When enough tension is applied to the shear assembly from the surface to
overcome the shear assembly's internal resistance and shears the relevant
portions
of the assembly the longitudinal compression applied to radially extend the
slips and
the resilient seal is released. The slips and the resilient seal no longer
lock and seal
the dual string packer to the casing and the dual string packer may be removed
to
the surface.
It is sometimes necessary to use one particular bore and at other
times it is necessary to use the other bore as the source of hydraulic
pressure to set
the slips and the resilient seal. However, because only the long side of the
dual
string packer can be used to remove the dual string packer from the well and
because each mandrel bore may have different requirements due to equipment and
other requirements of the well the operator is not usually able to easily
reverse the
orientation of the dual string packer prior to its deployment. It is usually
necessary
to reconfigure the internal portions of the dual string packer.

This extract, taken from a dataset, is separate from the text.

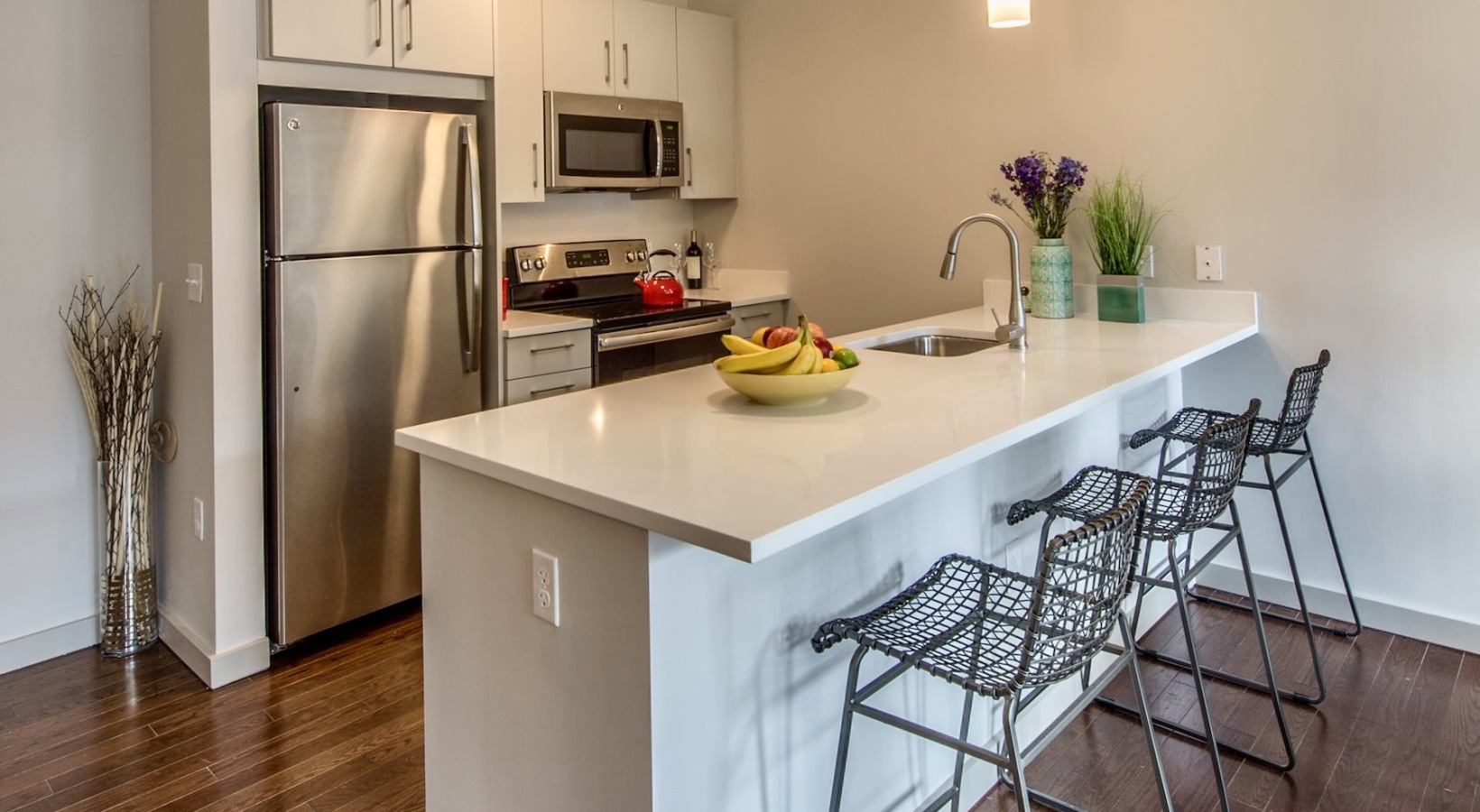 • a kitchen with white cabinets

Typically one of the tubing mandrels has a port built into it so that a
flow path is created by the particular mandrel and the internal shifting
chamber,
while the other tubing mandrel has the necessary shear pins and other
components
to release the slips and seals when necessary. Since the through tubing
mandrels
pass through and are attached to the internal components of the dual string
packer,
a complete top to bottom rebuild of the dual string packer, usually on the rig
floor, is
called for in order to reconfigure the internal portions of the dual string
packer.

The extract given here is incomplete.